How can you get coverage in the Wall Street Journal?
The old model is to pay a PR agency tens of thousands of dollars to craft a “campaign” and call a reporter to persuade the journalist it’s newsworthy.
“Getting in the Journal is the Holy Grail of Holy Grails,” Nima Olumi, founder of PR firm Lightyear Strategies told me. “Some PR people would kill to get a client into the WSJ.”
Hiring a PR firm has never been a guarantee of coverage, of course. Reporters don’t love to be pitched stories; they prefer to discover ideas to write about on their own.
An emerging strategy – and certainly a less expensive one — is to have CEOs post “news” on social media. We’ve seen this from Mark Zuckerberg, Sam Altman and others.
Yesterday, Shopify CEO Tobias Lütke tweeted at 9:07 a.m. that an internal memo that had leaked and so he was taking the proactive step to publish it.
I am not suggesting Lutke or Shopify leaked the memo — which carried the header “AI usage is now a baseline expectation” — to get coverage. (It was released internally in March.)
But I am saying that if he had wanted press coverage there was no better way to post it online so it could be “discovered.”
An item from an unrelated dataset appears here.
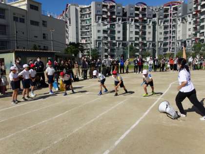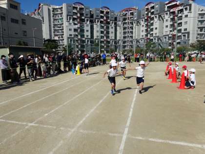 4年生のリレー「ダイナマイトリレー」です。初めてのリレーに挑戦しました。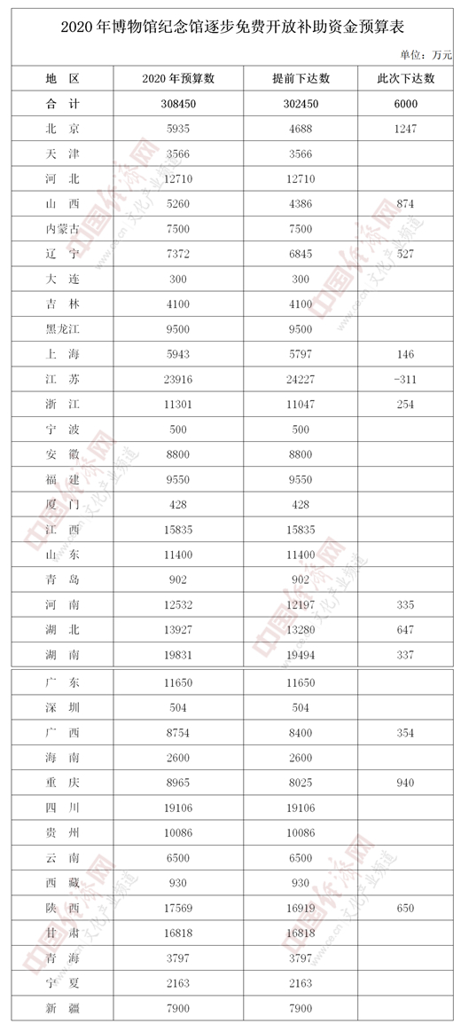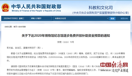 經濟日報-中國經濟網北京7月8日訊 7日,國家財政部官網發布《關于下達2020年博物館紀念館逐步免費開放補助資金預算的通知》(以下簡稱《通知》),《2020年博物館紀念館逐步免費開放補助資金預算表》同日公布。

That’s because having a PR agency call a journalist to pitch the “story” of how the company is requiring employees to use AI is not nearly as exciting as posting a “leaked” internal memo!
CEOs are increasingly posting online to communicate directly with stakeholders. Often, they can then let the current carry it. If it’s interesting, first the influencers and eventually the mainstream media will write about the post, as the WSJ did today.
An added benefit is that the stories tend to adopt the point of view you originally crafted, something that is less likely if you submit to an interview.
Lutke — along with Shopify President Harvey Finkelstein — is one of the more prolific CEOs posting on social media. His platform of choice is X, where he has 383,000 followers. He has 38,000 followers on LinkedIn even though he has yet to post there.
One irony of the memo is it doesn’t appear to have been written with AI.
It’s arguably too long and rambling and the key point in the header doesn’t show up until page three when he writes: everyone has to demonstrate they are using AI and don’t try to hire anyone unless you can show AI can’t do it.
The internal email is crafted in the same unmistakable voice and cadence Lutke has been using for years to communicate when he writes online.
It’s that tone that establishes an authentic connection with the audience that is so essential and yet so hard to create when you rely on ChatGPT.